# Kioti (3510) grease nipple threads



## ck3510hb

Any one know what threads are on the grease nipples? Not any of the ones I have. It was suggested they may be metric or machine. Thanks


----------



## sixbales

Howdy ck3519hb,

I think you may be referring to "press fit" (drive-in) grease nipples. See attached picture (compliments of Grainger). These do not have threads, but have serrations for gripping, and are driven in place. I put a small socket over the nipple to seat against the body and drive them in with a hammer. If you have a nipple that doesn't fit tightly, clean the hole and gripping surface thoroughly and apply a small amount of JB weld epoxy on the serrations and drive it in. allow 24 hours for the epoxy to set/cure.

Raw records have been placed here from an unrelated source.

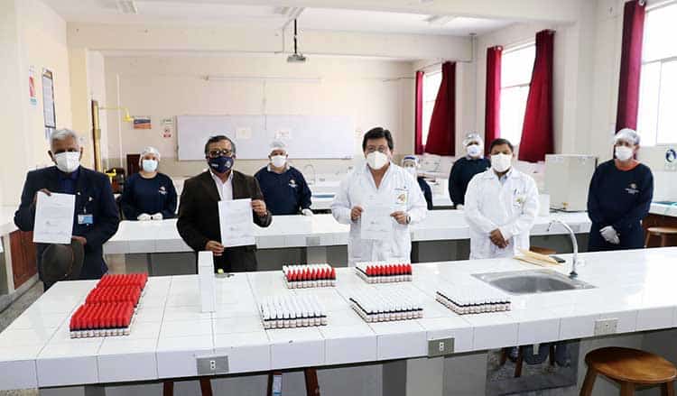 (Trujillo).-. El laboratorio de la Facultad de Farmacia y Bioquímica de la Universidad Nacional de Trujillo, en la persona del decano, Dr. William Sagástegui Guarniz entregó al Rector de este centro de estudios, Dr. Carlos Vásquez Boyer el primer lote de 1,000 dosis del fármaco ivermectina.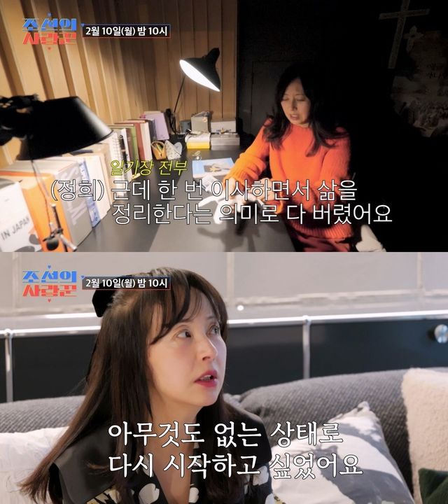 10일 방송될 TV조선 '조선의 사랑꾼'에서는 6세 연하 건축가 남자친구와 함께 새로운 사랑꾼으로 합류를 예고한 서정희가 등장, "(일기장 전부를) 한번 이사하면서 삶을 정리한다는 의미로 다 버렸다"라고 조심스럽게 고백했다.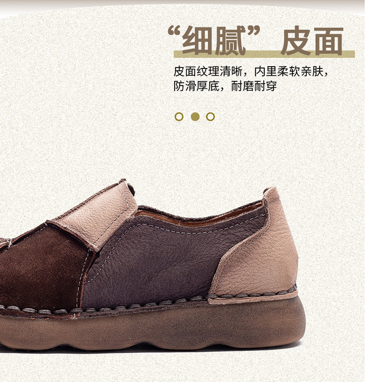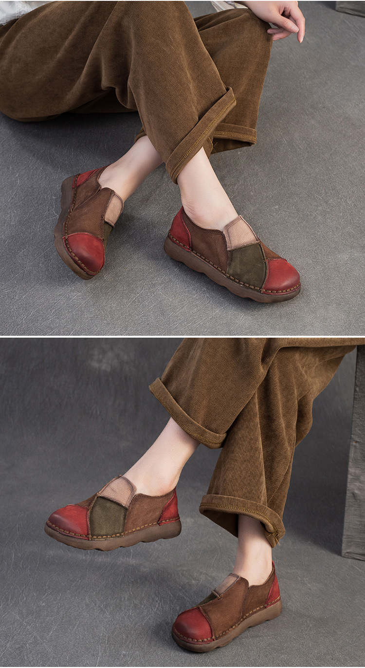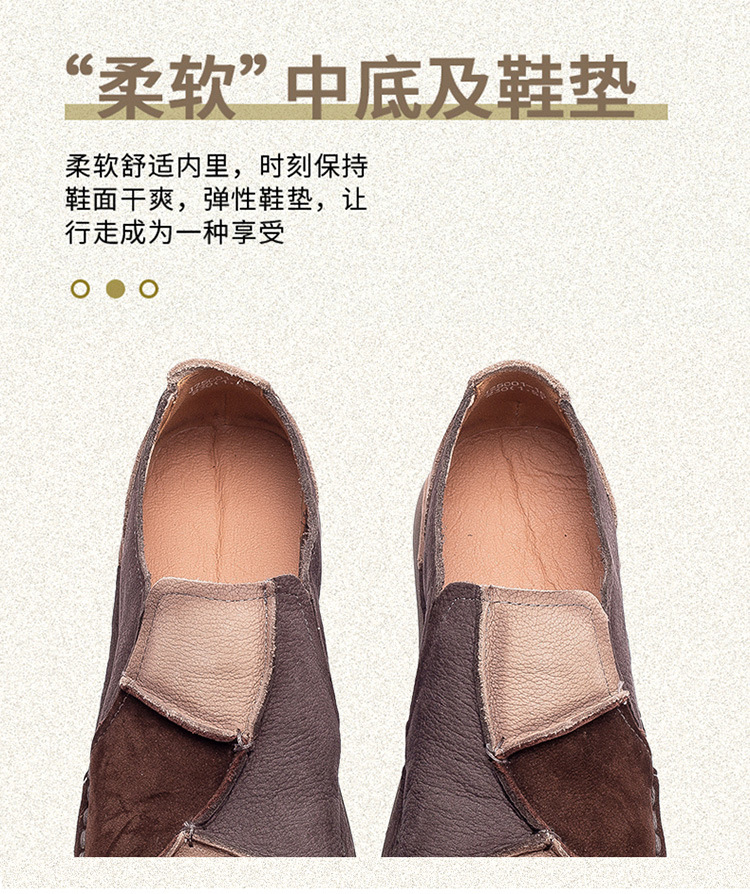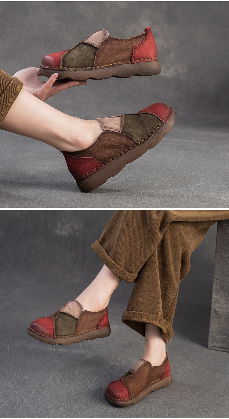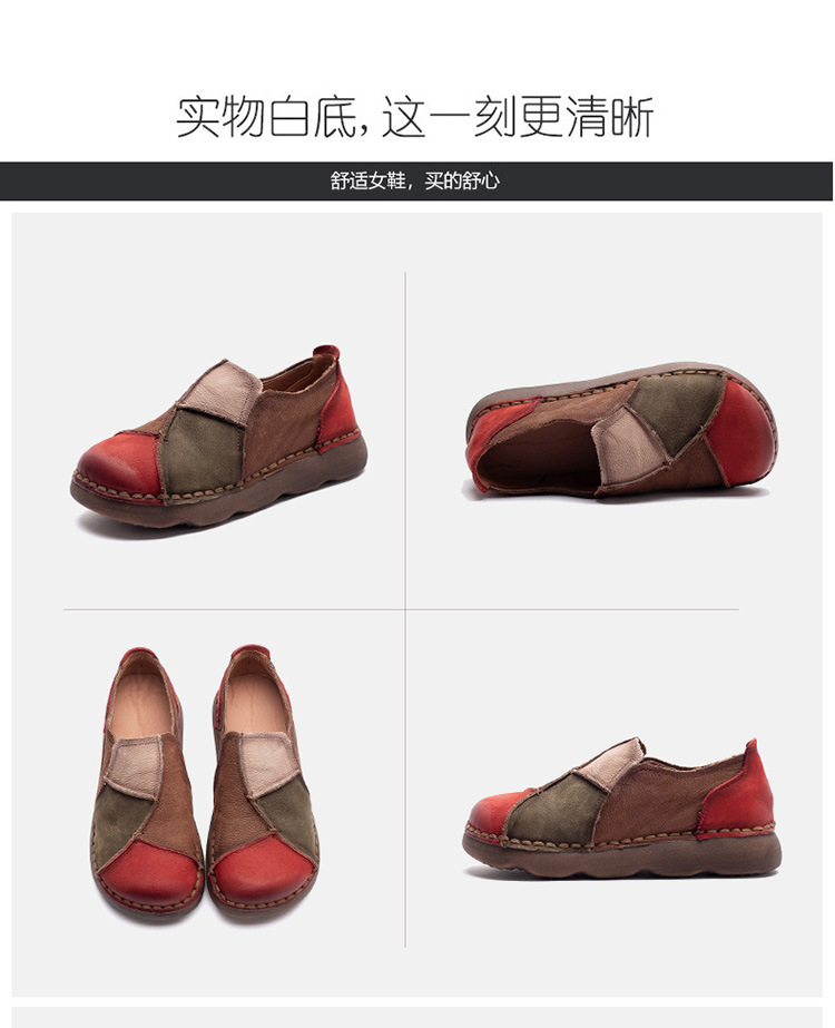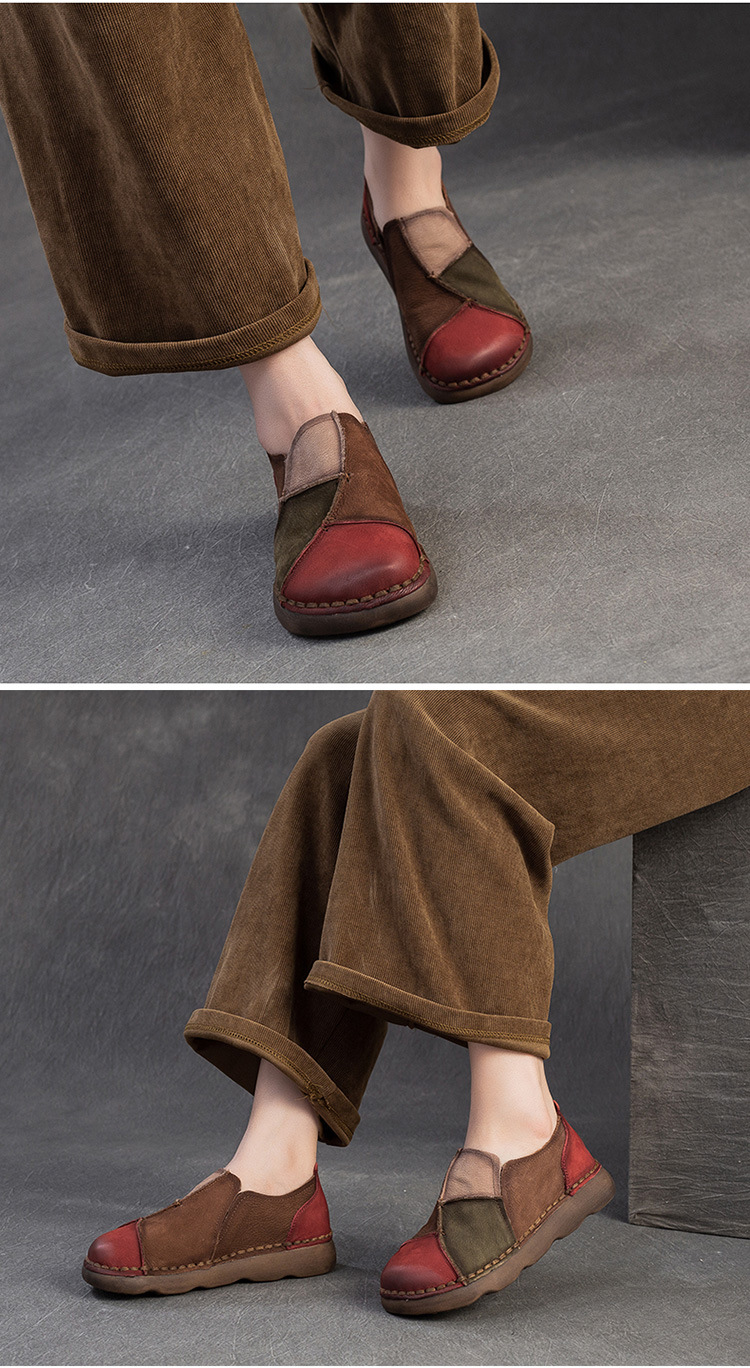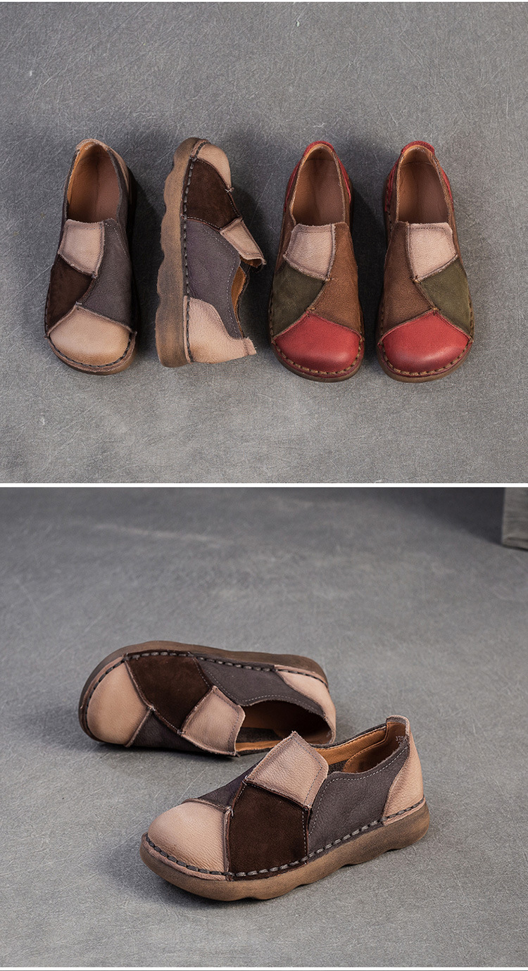 JZ5001-15 2025秋季新款复古拼色软底头层牛皮单鞋休闲舒适百搭圆头女鞋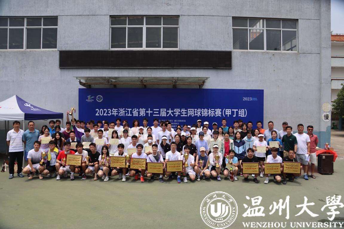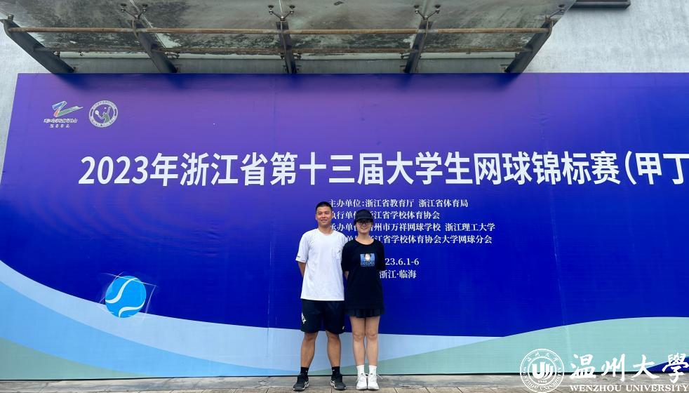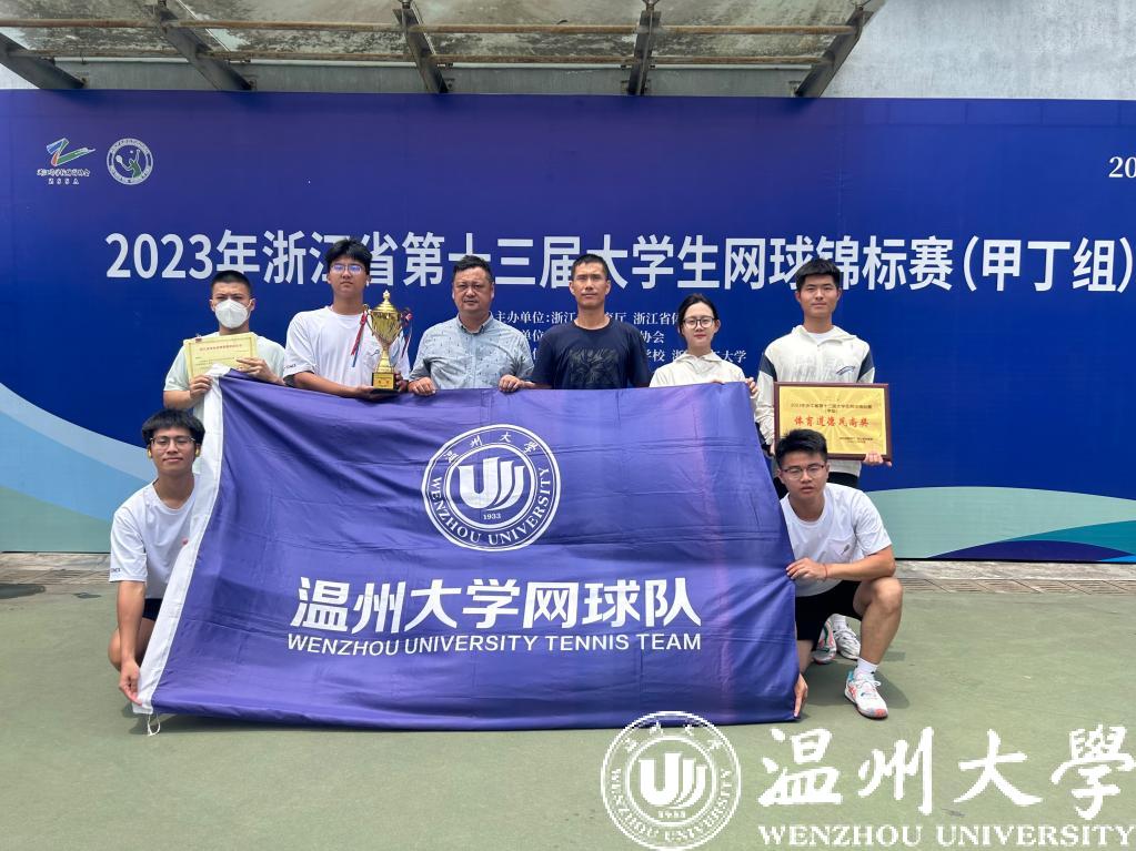 近日,由浙江省教育厅、浙江省体育局主办,浙江省学校体育协会执行,浙江省学校体育协会大学生网球分会协办的2023年浙江省第十三届大学生网球锦标赛(甲丁组)在台州万祥网球学校举行。来自全省46所高校的400多名运动员参加男女团体、男女单打、男女双打和混合双打等七个项目的角逐。我校队员奋勇拼搏、突破重围,刷新省赛历史战绩,取得混双第二、男团第三、男单第八的历史最好成绩。队伍获评“体育道德风尚奖”;教练潘树金获评“优秀教练员”;队员虞思媛、熊靖豪获评“优秀运动员”。

Post back if this is not your case.


----------



## ck3510hb

Hey there six bales, nope, not those, I used a 9/32 socket to get it out. Has 2 1/2 or 3 threads. Smaller than the smallest of my assorted box of nipples. I am guessing but the amount of (or lack of), threads may be depth between inner and outer shafts. I am going to take the floor above it off and try a 1/4 20 machine bolt. Maybe??


----------



## sixbales

Take it to an auto parts store and see if they can match it. Have you tried your Kioti dealer?


----------



## ck3510hb

talked to the dealer yesterday they re going to pull one in and check that nipple and get back to me. I am going into town today, will check at the auto parts. thanks, or I may just buy a right angle to go on the grease gun.


----------



## DK35vince

I found this on a search http://www.tractorbynet.com/forums/kioti-owning-operating/333973-kioti-grease-fittings-3.html
Possibly BSPT threads (British standard pipe thread)


----------



## ck3510hb

DK35vince said:


> I found this on a search http://www.tractorbynet.com/forums/kioti-owning-operating/333973-kioti-grease-fittings-3.html
> Possibly BSPT threads (British standard pipe thread)


DK35 Vince; This is good information. I will get on Grangier


DK35vince said:


> I found this on a search http://www.tractorbynet.com/forums/kioti-owning-operating/333973-kioti-grease-fittings-3.html
> Possibly BSPT threads (British standard pipe thread)



This is really good information I will Order some assorted today. Thanks Bob


----------